No se necesitan para nada 2 transistores que por separado amplifiquen tensión y corriente.



> Si yo llegue a pensar que mis profes me habian engañado


Sergio, se me da a que sí te engañaron


----------



## cosmefulanito04 (Feb 24, 2011)

Ok, pero que pasa cuando cargas ese circuito con 4 u 8 ohms, en vacio va fenomenal.

*Editado*, acabo de ver el circuito que subiste dejame verlo y despues comento.

Ahi lo estuve analizando el circuito, es interesante lo que propones y en principio funcionaria, pero tenes 2 problemas (la continua y la impedancia de entrada):

- Segun lo que obtuve (de no equivocarme en algo), tu punto de trabajo sera en Icq=175mA y Vceq=2,19v.

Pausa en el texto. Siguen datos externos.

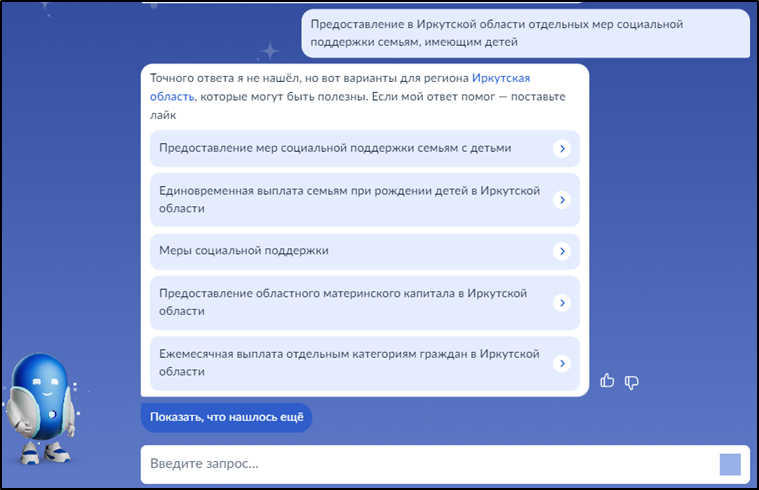 Введите запрос Роботу Максу: "Предоставление в Иркутской области отдельных мер социальной поддержки семьям, имеющим детей":
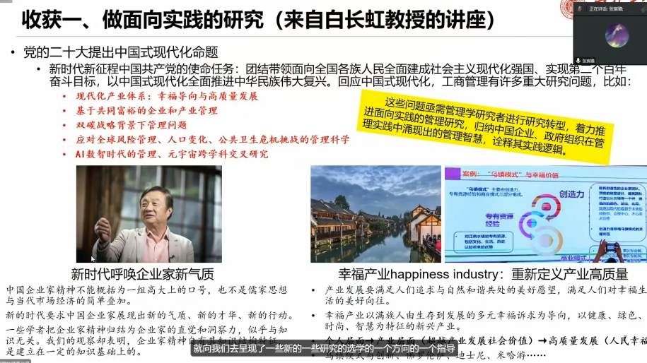 单宇副教授从管理理论与实践的脱轨问题和企业实践与教学科研的融合探索出发,在自身研究成果的基础上,分享了关于案例研究的起点与切入点选择、企业调研的深度与广度策略、案例研究的数据来源、访谈技巧与信息收集以及复盘方法;以调研—洞察—洞见为逻辑线,将经验技巧与个人研究相结合,并分享了《管理世界》论文写作与投稿经验、研究逻辑在研究中的应用与洞见、企业实践经验分享与研究方法、访谈技巧与挖掘企业价值点等。
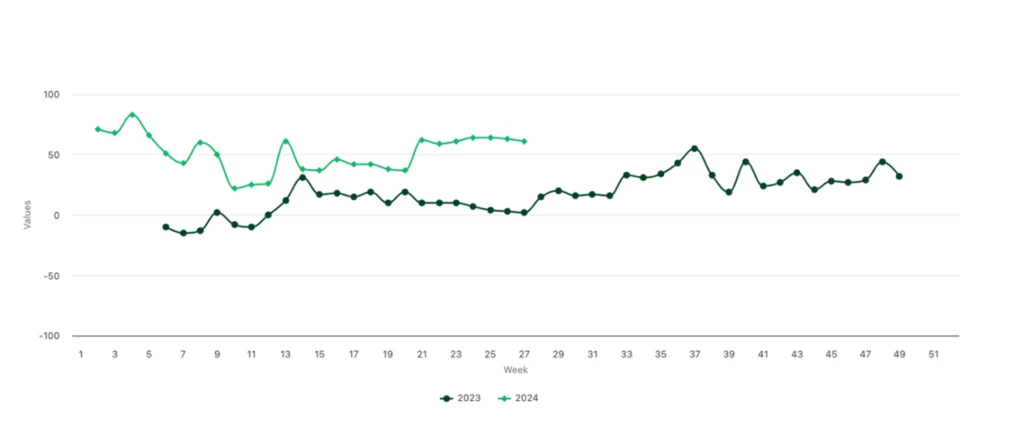 The first half of 2024 saw the Container Price Sentiment Index (xCPSI) reach an all-time high, and it remains elevated throughout the last six months, indicating a strong sentiment for rising container prices expectations in the upcoming second half of the year.
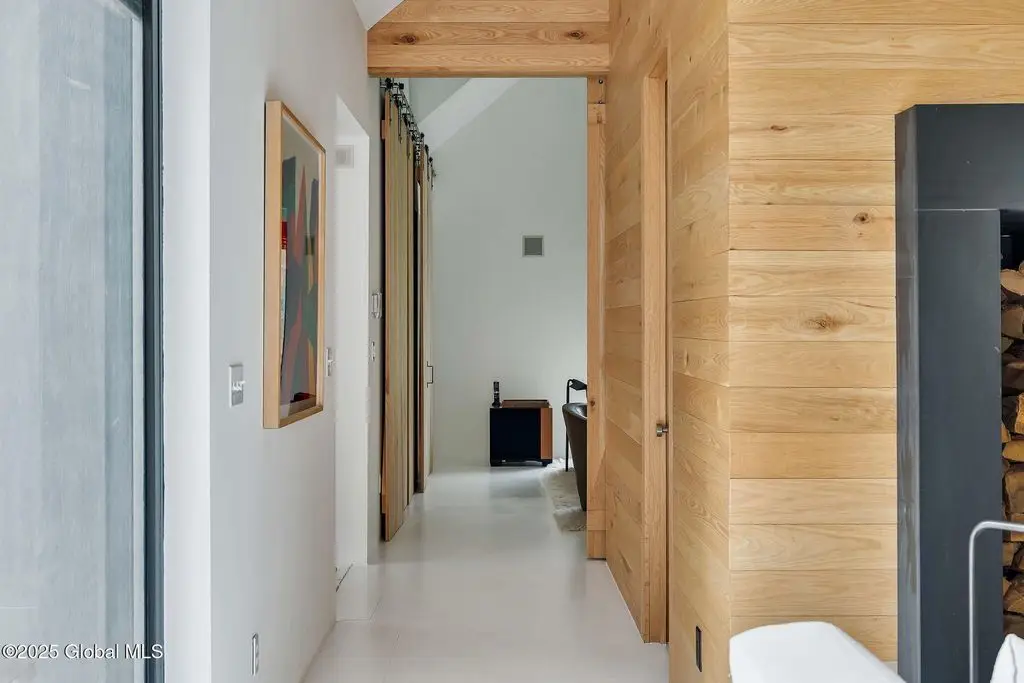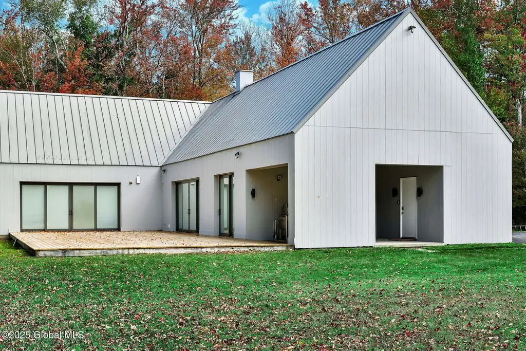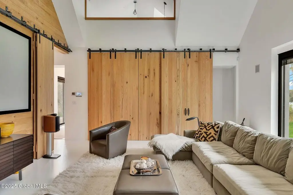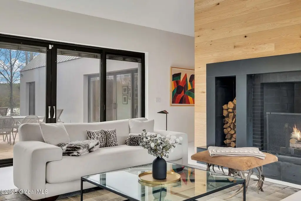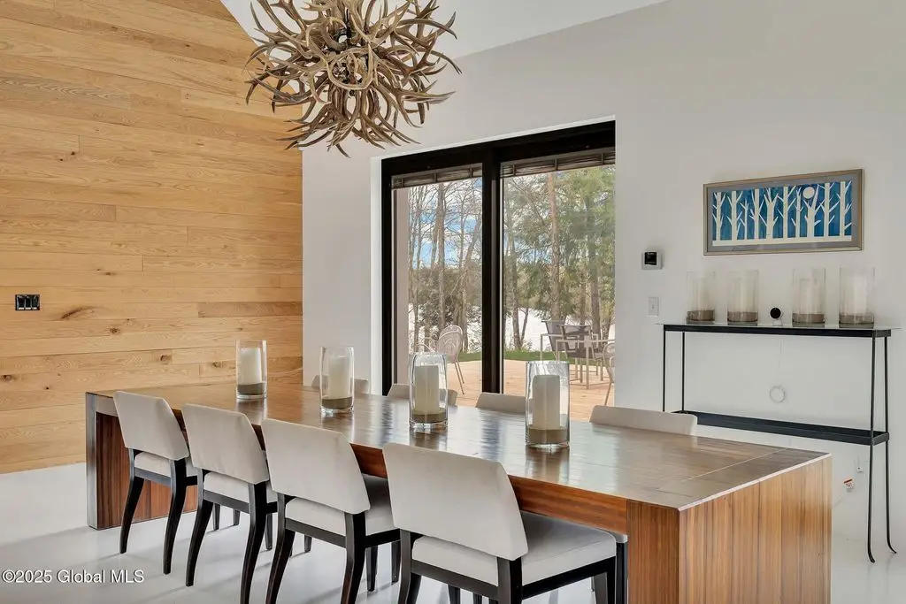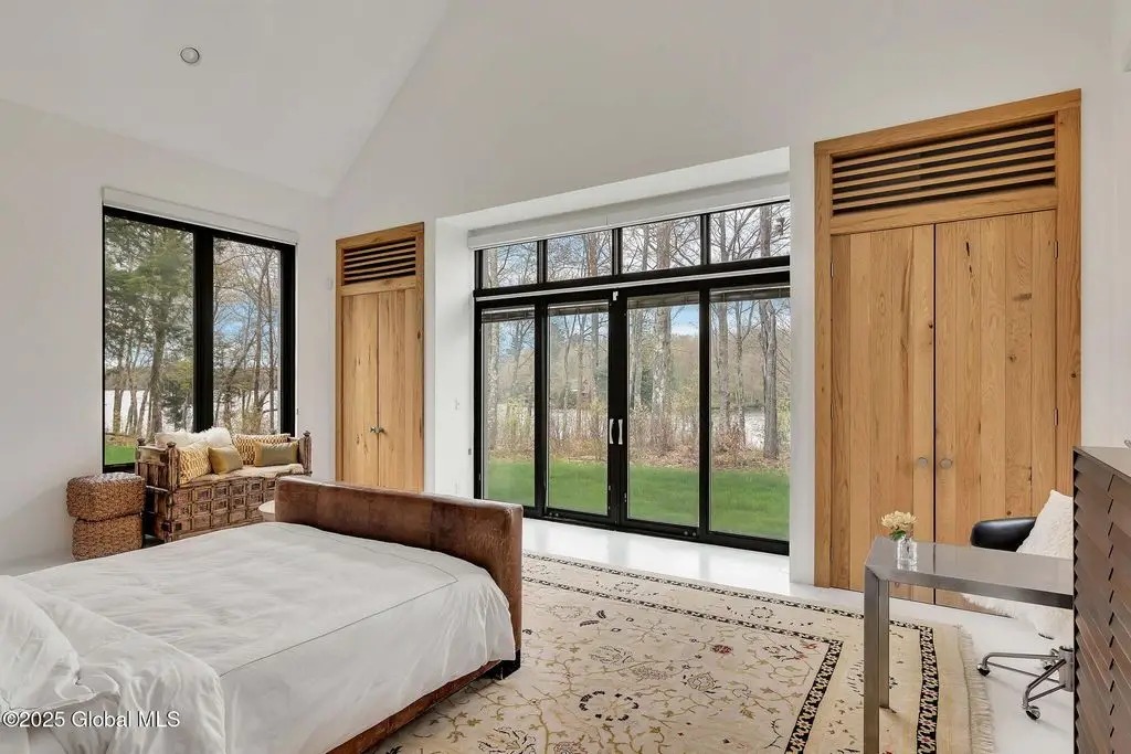 Introducing 500 Pond View Way, a bold modern retreat set on 700 feet of pristine lakefront on Dyken Pond. Designed by the internationally renowned firm Kallos Turin, this one-of-a-kind home blends dramatic architecture with serene waterfront living. It features soaring ceilings, white oak accents, and custom built-ins throughout. The Great Room offers a sleek modern kitchen, a spacious dining area, and a warm, inviting living space centered around a wood-burning fireplace. Walls of sliding glass doors frame peaceful views of the lake from nearly every room, and the primary suite is thoughtfully positioned to capture stunning water views. A separate two-bedroom guest house provides privacy for visitors, making it ideal for extended stays or rental potential. Enjoy quiet evenings or entertaining on the expansive lakeside deck. Residents may enjoy boating on this private 134-acre lake. There are no known restrictions for short-term rentals, making this a perfect opportunity for Airbnb. A beach permit is active for 500 Pond View, and the water depth is approximately four feet at the end of the dock. Sophisticated, peaceful, and perfectly in tune with nature, this is modern lakefront living at its finest.

- A la salida tenes una tension de continua, te puede molestar o no, pero la tenes y sera de 2,8v.

- Por semejante corriente de colector que tenes (lo cual es necesario por el tipo de carga que tenes), el hie se cae al piso (17 ohms aprox).

- Tu impedancia de entrada estara dado justamente por el hie, con lo cual es muy baja.

- Asi y todo, apesar de una impedancia de entrada muy baja, compensas con la ganancia, con lo cual si tenes una fuente con una Rs=50ohms seguis teniendo una ganancia de tension de 70.

Por ultimo, hay que ver si la fuente de señal es capaz de aguantar un amplificador con una impedancia de entrada tan baja.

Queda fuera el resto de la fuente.